Vegetables account for 20 to 5 percent of a macrobiotic diet.

  • “Best Supporting Actress” goes to beans and bean products.  “She may be a little heavy, [but] she represents solid, nurturing energy.” A macrobiotic diet aims for 10 percent of them a day, but Jessica says 1 cup is enough to satisfy her.

  • Best Supporting Actor:  5 to 10 percent sea vegetables, such as wakame, dulse, nori  or agar agar.
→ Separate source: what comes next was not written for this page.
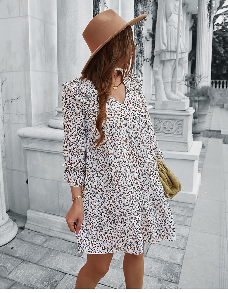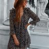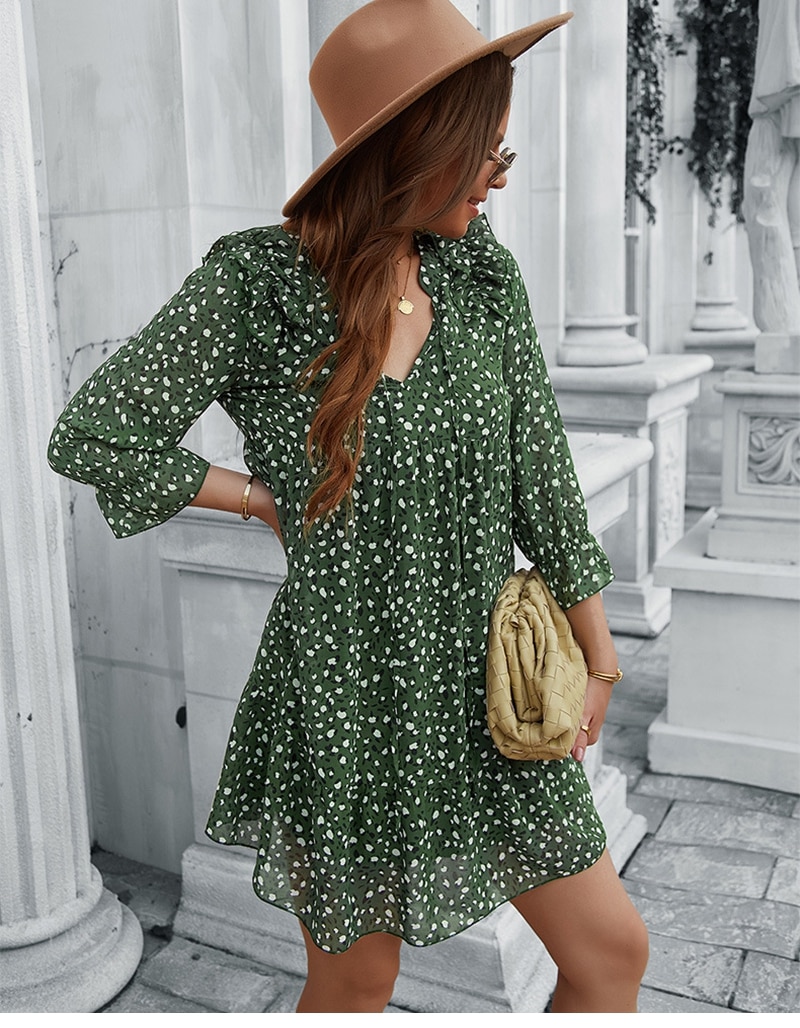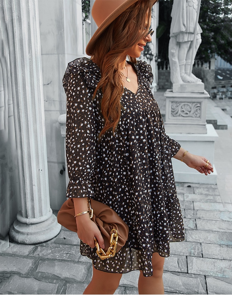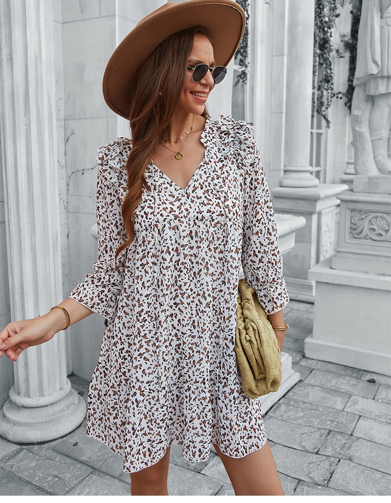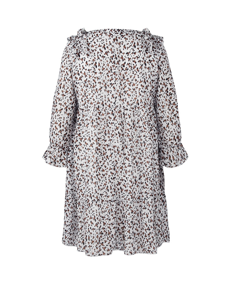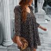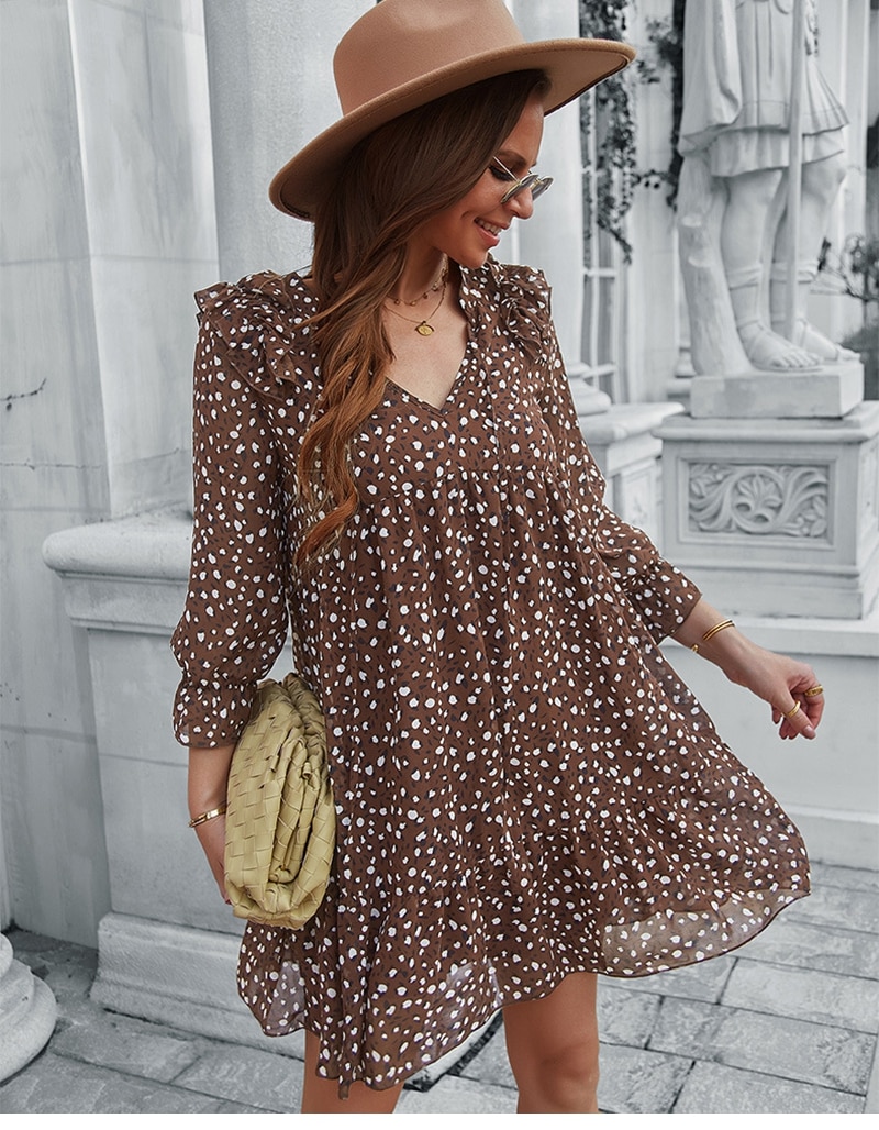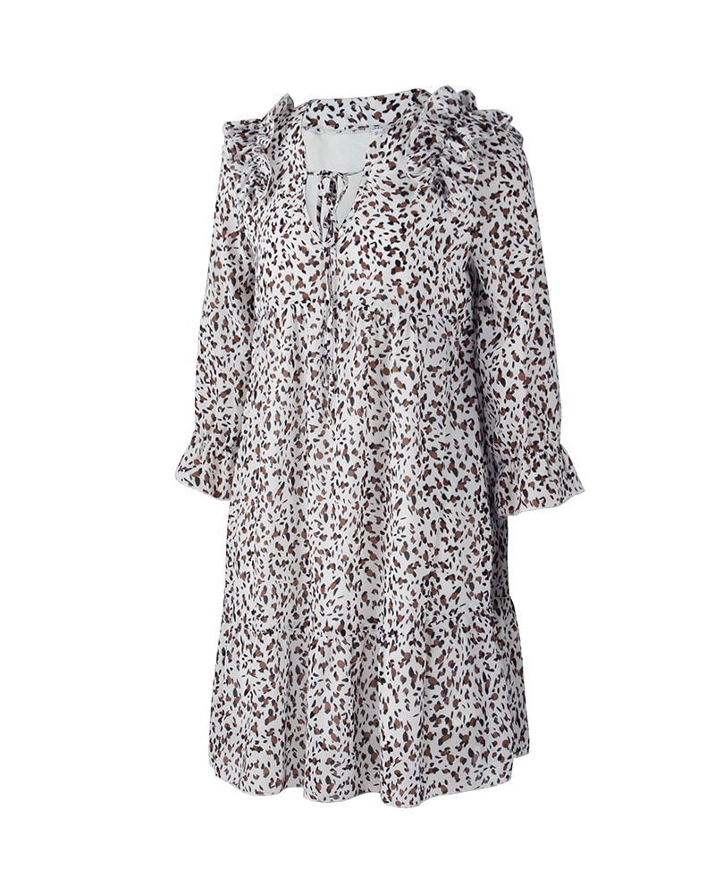 Sexy Leopard Dot Print Short Dress For Women Casual V Neck Ruffles Full Sleeve Spring Summer Chiffon Mini Dress

They’re “salty, wise… and keep the story deep and meaningful.”

  • Best Sound Track: “warm and fluid, soups warm and soften us like music.” At 5 to 10 percent of the daily fare, they can include any or all of the other macrobiotic foods.

Something else a little wacky she teaches – chewing my whole grains about 100 times before swallowing.

So yesterday, I tried counting while chewing my brown rice during dinner. I never got past 20 before something distracted me!

Jessica too has been there. Her hilarious stories about distractions and struggling for clarity of mind have made macrobiotics seem much less intimidating.

Although she collaborated on Alicia Silverstone’s strictly vegan The Kind Diet, mostly-plant-based Jessica avoids meat and dairy products but still consumes fish.

My final take on The Hip Chick’s Guide? Thanks to my clearer understanding of Yin, Yang and the Macrobiotic diet, I’ll definitely be eating more whole grains!